The need for anesthesia seems to be especially linked to survivors of sexual abuse. The anesthesia can take many forms. Perhaps the best known form of anesthesia is alcohol, although alcohol is not the only form of anesthesia that is currently widely used.
Drugs are very popular in the adolescent groups that I facilitate. Marijuana, crack cocaine, and heroin are the most commonly abused drugs at the present time in these groups. Eating disorders are also closely tied to sexual abuse. Younger adolescent survivors seem to have a higher proportion of anorexia nervosa or bulimia. Older survivors seem to suffer most often from binge eating disorder or compulsive overeating. Survivors are at a very high risk of developing addictions whenever they begin to abuse a substance. When the survivor’s substance abuse begins it may well be the very first time that he or she has been able to block out the emotional pain of sexual abuse.
Survivors may not only abuse substances. They may also develop compulsive behaviors that may deaden the emotional pain of the sexual abuse. The most commonly used compulsive behaviors include compulsive gambling, compulsive spending, compulsive television watching or video-game playing, compulsive overeating, and countless other possible compulsive behaviors.
Whatever addiction or compulsive behavior the survivor employs, the intention is always the same: to deaden the emotional pain of sexual abuse. Are survivors consciously aware that they are attempting to deaden the pain of abuse? I believe that most of the attempts to deaden the pain occur on an unconscious level. The survivor is only aware that it feels good not to think about the abuse for just a little while. The more successful the survivor is in using a certain tactic to deaden the pain, the more apt the survivor is to develop an addiction to that tactic.
Pg. 24
Kristie, a fifteen year-old survivor, summed up what this book is intended to be all about. Kristie looked me in the eye and said,
Sometimes we get loud and laugh because we are tired of feeling depressed and sad. For just a little while we want to forget and laugh. If we act different or talk about stuff that seems as if we don't care about what has happened to us it's only because we want or need to get our minds off of what has happened. It's like just for a little while you can focus on something else or do something else that makes us not feel what has happened to us and how much it has hurt us.
P. 25
When we hurt, we will do whatever it takes to keep from feeling the pain until we are ultimately able to endure and deal with what has hurt us.

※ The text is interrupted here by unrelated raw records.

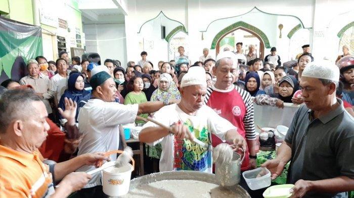 Pembagian bubur samin di Masjid Darrusalam Jayengan Surakarta, setiap tahun selalu dipenuhi masyarakat beragam latar belakang.
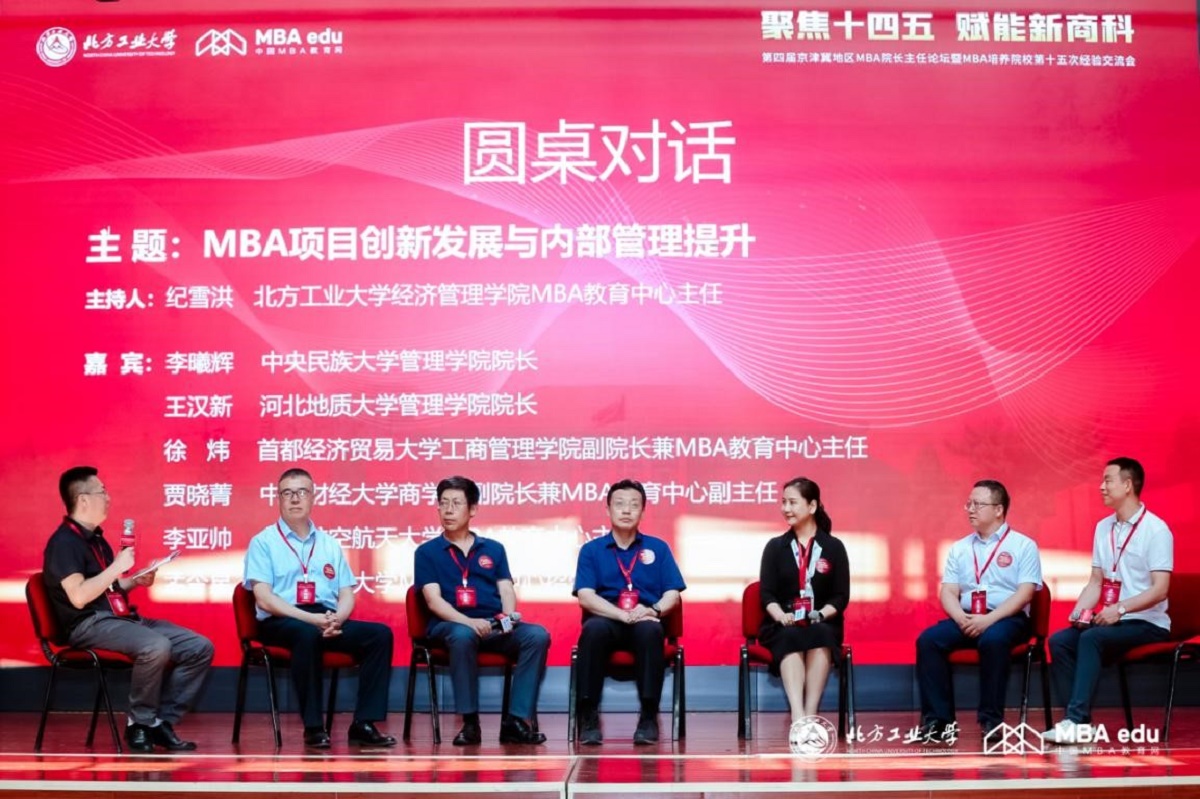 时代的发展在不断变化,对于人才的需求也提出了新的要求。针对商学院建设与人才培养,商学院一直在做积极探索与实践。在圆桌对话环节,中央民族大学管理学院院长李曦辉、河北地质大学管理学院院长王汉新、中央财经大学商学院副院长兼MBA中心副主任贾晓菁、首都经济贸易大学工商管理学院副院长兼MBA中心主任徐炜、北京航空航天大学MBA教育中心主任李亚帅、中国政法大学MBA教育中心招生部主任孟令星作为发言嘉宾围绕《MBA项目创新发展与内部管理提升》主题展开交流与讨论。圆桌对话由买球体育官方网站MBA教育中心主任纪雪洪主持。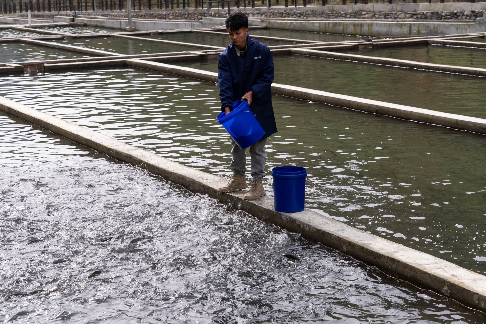 “今天水溫大概是9到10攝氏度,這是非常適合冷水魚的溫度?!被仞B(yǎng)殖企業(yè)四川冷水魚農(nóng)業(yè)開發(fā)有限公司總經(jīng)理朱旭波說。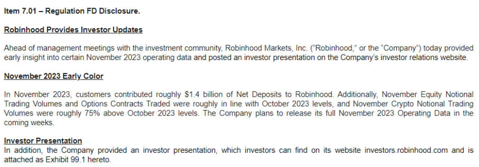 Robinhood disclosed on December 4 in a Form 8-K filing with the United States Securities and Exchange Commission (SEC) that “November Crypto Notional Trading Volumes were approximately 75% higher than October 2023 levels.”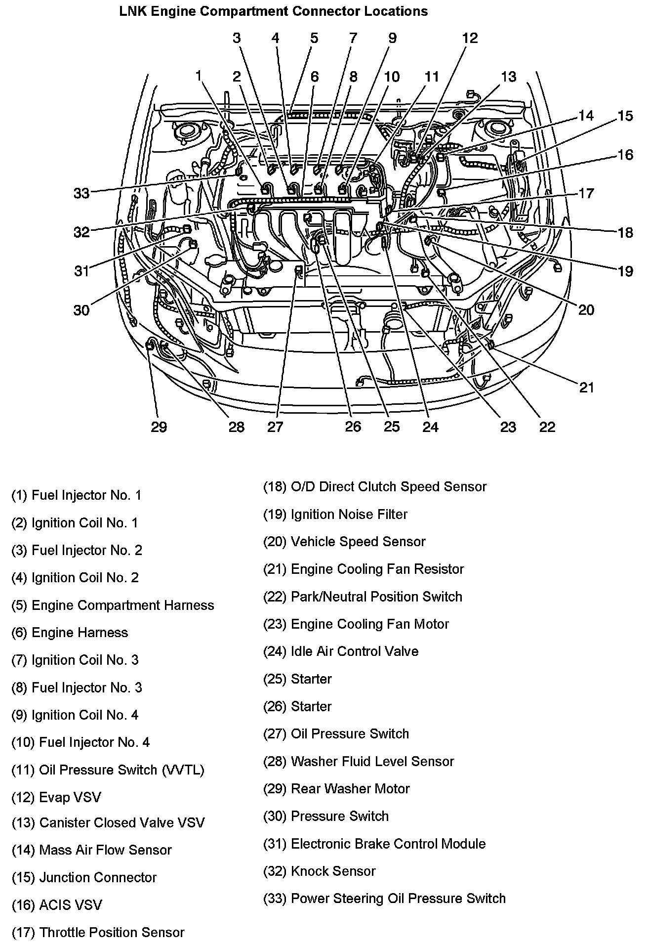 Engine Compartment Connector Locations: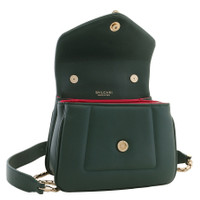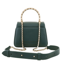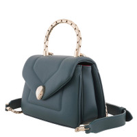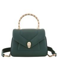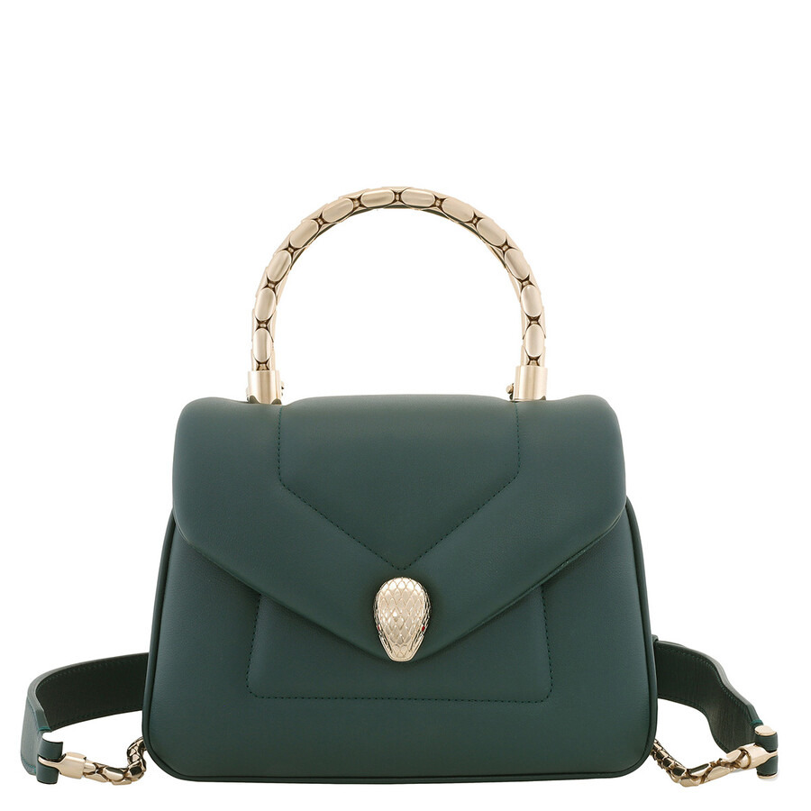 Bvlgari Ladies Top Handle Bag. SKU: 292127. Color: Green. The Serpenti Reverse small top handle bag in forest emerald green quilted Metropolitan calf leather exudes luxury with its beetroot spinel fuchsia nappa leather lining. Finished with a captivating snakehead magnetic closure in light gold-plated brass, featuring striking red enamel eyes, this elegant piece blends bold design with timeless sophistication. Material: Calf leather. . 20 x 14 x 10 x cm - 7.9 x 5.5 x 3.9 inches. Made in Italy. GENERAL Size Info: - 7.9 x 5.5 x 3.9 inches Brand Type: Designer Color: Green INFORMATION Brand: Bvlgari Gender: Womens Model: 292127 DETAILS Material: Leather Closure: Magnetic Snap DIMENSIONS Size: Small ADDITIONAL INFO Jomashop Sku: BVL292127 Department: Bags Category: Top Handle Bag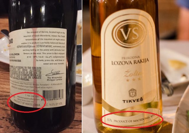 «Εως τώρα, το σύνολο των οίνων της πΓΔΜ φέρει την ένδειξη «Republic of Macedonia» ως προς τον τόπο προέλευσης. Από τη στιγμή που θα τεθεί σε ισχύ η συμφωνία των Πρεσπών, όσα προϊόντα φέρουν σήμερα την ένδειξη «made in / produced in / product of Macedonia», θα πρέπει, βάσει της συμφωνίας, υποχρεωτικά να μετατραπούν σε «made in / produced in / product of North Macedonia», καθιστώντας έτσι προς όλους απόλυτη τη διάκριση του τόπου προέλευσης των προϊόντων αυτής και της Μακεδονίας μας».
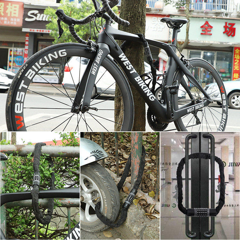 西骑者自行车锁防盗密码链条锁电动车锁机车可携式单车配件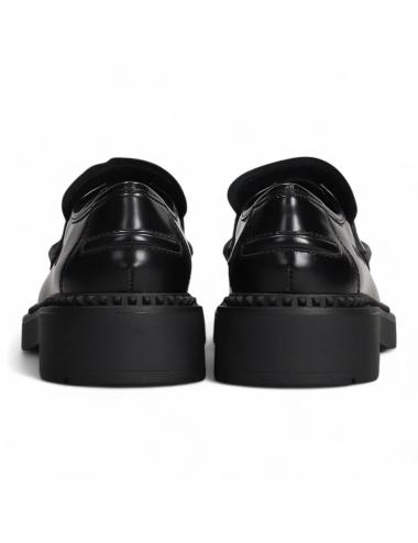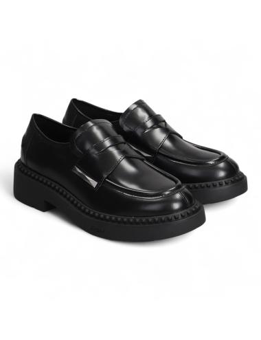 The ASH Medusa Loafer reinterprets the classic moccasin with a contemporary and bold style. Crafted from soft Soft Polish Calf leather , they feature a glossy finish and a structured silhouette. The chunky rubber sole, decorated with tone-on-tone micro studs, adds a bold and modern touch while maintaining the refined elegance typical of the ASH brand.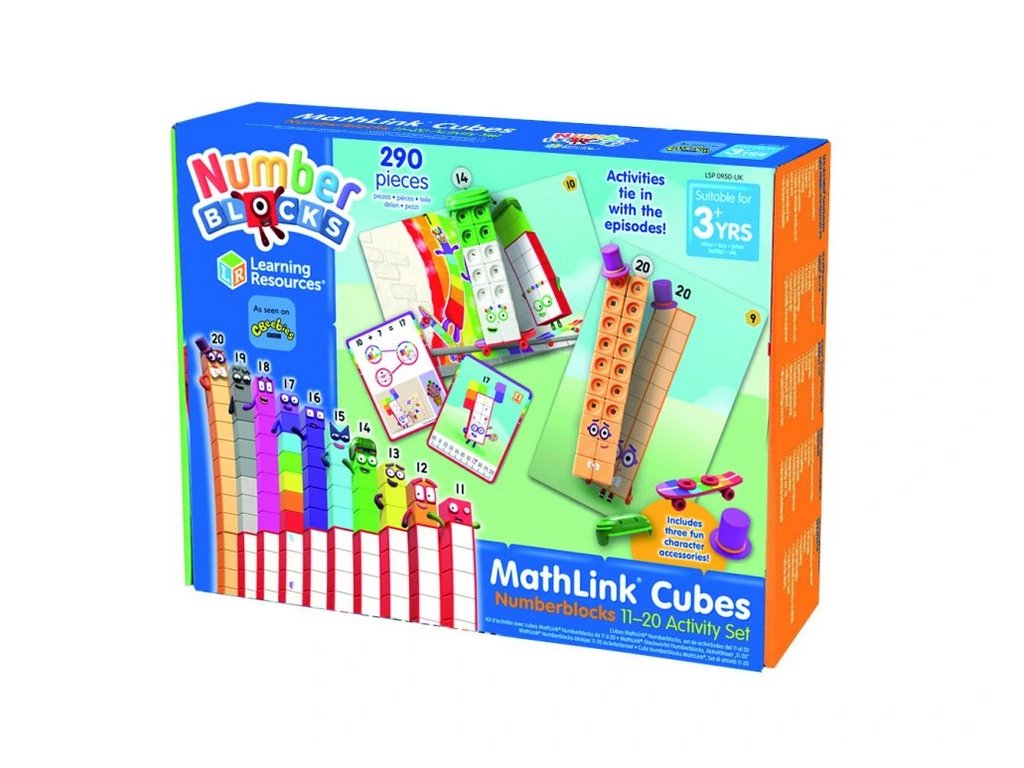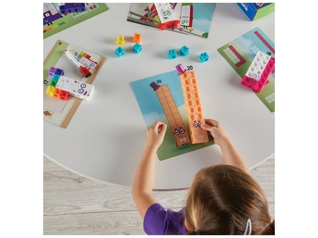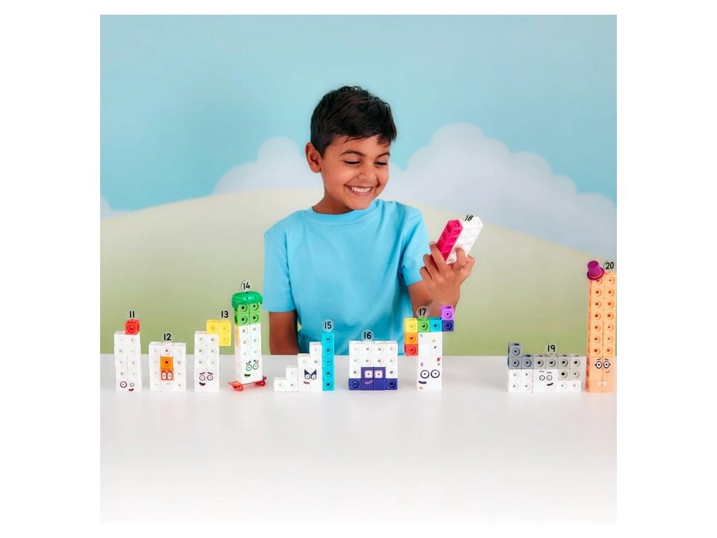 Navazující edice MathLink® Cubes Numberblocks 11–20 přenáší děti do světa vyšších čísel s oblíbenými postavami jako Čtrnáctka se skateboardem nebo Dvacítka s cylindrem. Díky barevným kartám s postavami si děti vytvoří vizuální a emocionální vztah k číslům a snadněji pochopí jejich význam.
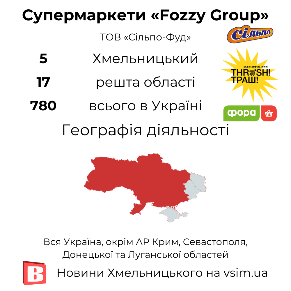 Загалом «Fozzy Group» володіє не тільки мережами «Сільпо» та «Траш», а й «Фора», «Le Silpo» «Fozzy» та «FoodPod». З останніх перелічених на Хмельниччині представлена «Фора» (Старокостянтинів та Летичів), решти в області немає.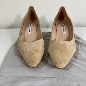 Manolo Blahnik Srila Suede Low-Heel Pump Nude Beige Tan Kitten Heel 40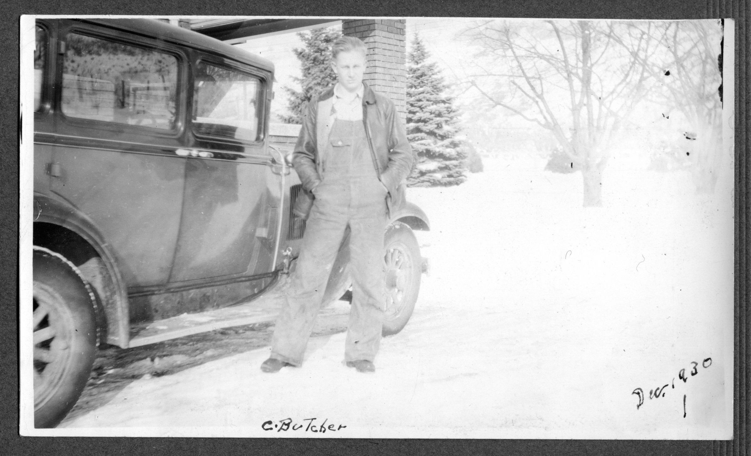 Carl Butcher standing in snow next to car at home on old Mountain Road.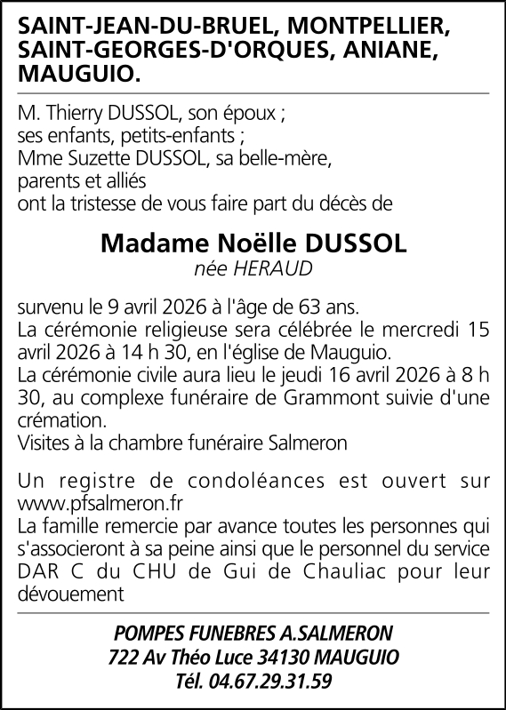 Avis de décès de Madame Noëlle DUSSOL née HERAUD

The real basis of addictive or compulsive behaviors is our alienation from our innermost feelings and thoughts. If we are shame based and feel that we are "worth less" than others, we many engage in addictive or compulsive behaviors as a way to decrease the amount of discomfort we feel. As we use more of the abused substance or compulsive behavior we feel greater shame, which leads to increased use; so the cycle continues.